Infine, vi è la discriminazione dei prezzi di terzo grado che corrisponde ad
una situazione in cui il monopolista vende il suo prodotto a persone diverse e a prezzi diversi, ma ciascuna unità di output è venduta a una determinata tipologia di consumatori allo stesso prezzo. Si tratta della forma più
comune di discriminazione dei prezzi. Un esempio potrebbe essere quello
degli sconti al cinema o agli spettacoli teatrali: spesso vengono fissati prezzi diversi a seconda della fascia di età, come avviene per bambini o per anziani, che hanno una minore capacità di pagare e quindi beneficiano di sconti, o a seconda del reddito percepito (studenti e militari).
Glossario
Monopolio bilaterale: forma di mercato caratterizzata dalla presenza di un solo venditore e di un
solo acquirente.

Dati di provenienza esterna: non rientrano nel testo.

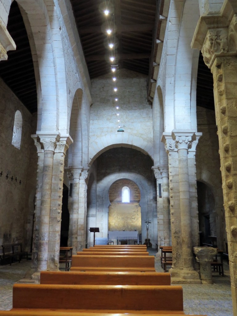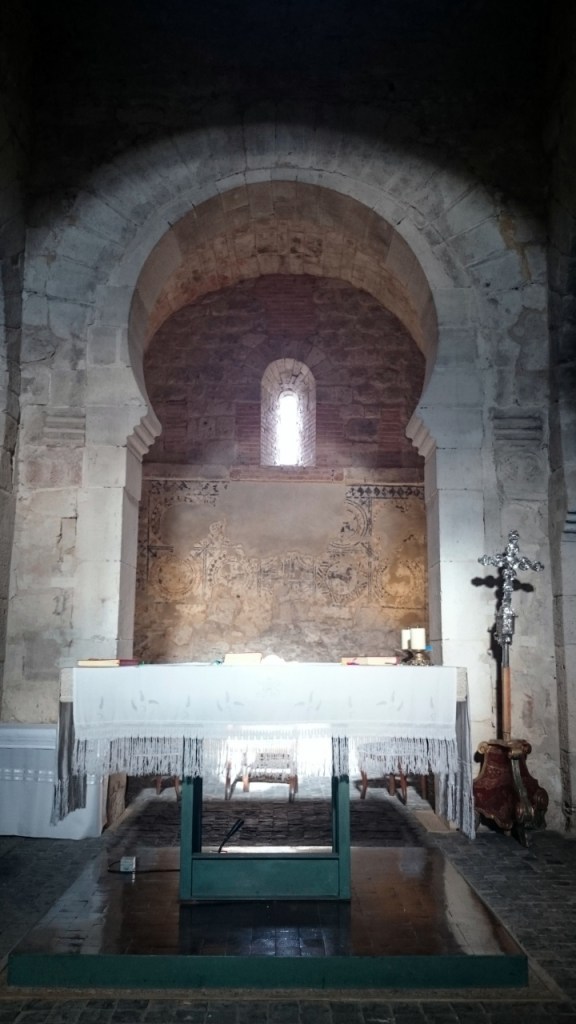 La iglesia tiene dos partes diferenciadas. La cabecera, con tres ábsides rectangulares, el primer tramo de las naves y el muro norte corresponden a lo que fue templo prerrománico, de repoblación o mozárabe, levantado hacia el siglo X. Las bóvedas son de cañón semicircular y los arcos de herradura se apoyan en pilastras. En el muro del testero central quedan restos de pinturas murales, de entre los siglos X al XII, con figuras de leones.
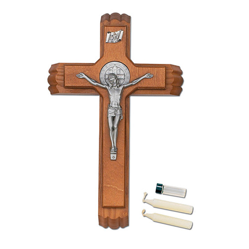This 13 inch tall walnut stained wood Saint Benedict wall crucifix has a silver corpus and Saint Benedict medal. This sick call set comes with two small candles and a glass holy water container.

L’esempio classico è quello del mercato del lavoro, laddove le contrattazioni
salariali avvengono solitamente tra il sindacato dei lavoratori e l’associazione degli imprenditori.
Monopsonio: forma di mercato in cui, a fronte della presenza di numerosi venditori, esiste un
unico acquirente, per cui si può parlare di monopolio dal lato della domanda. In tali condizioni la
quantità acquistata e il prezzo sono inferiori a quelli che si sarebbero stabiliti in concorrenza
perfetta, per cui l’acquirente risulta avvantaggiato e il venditore danneggiato.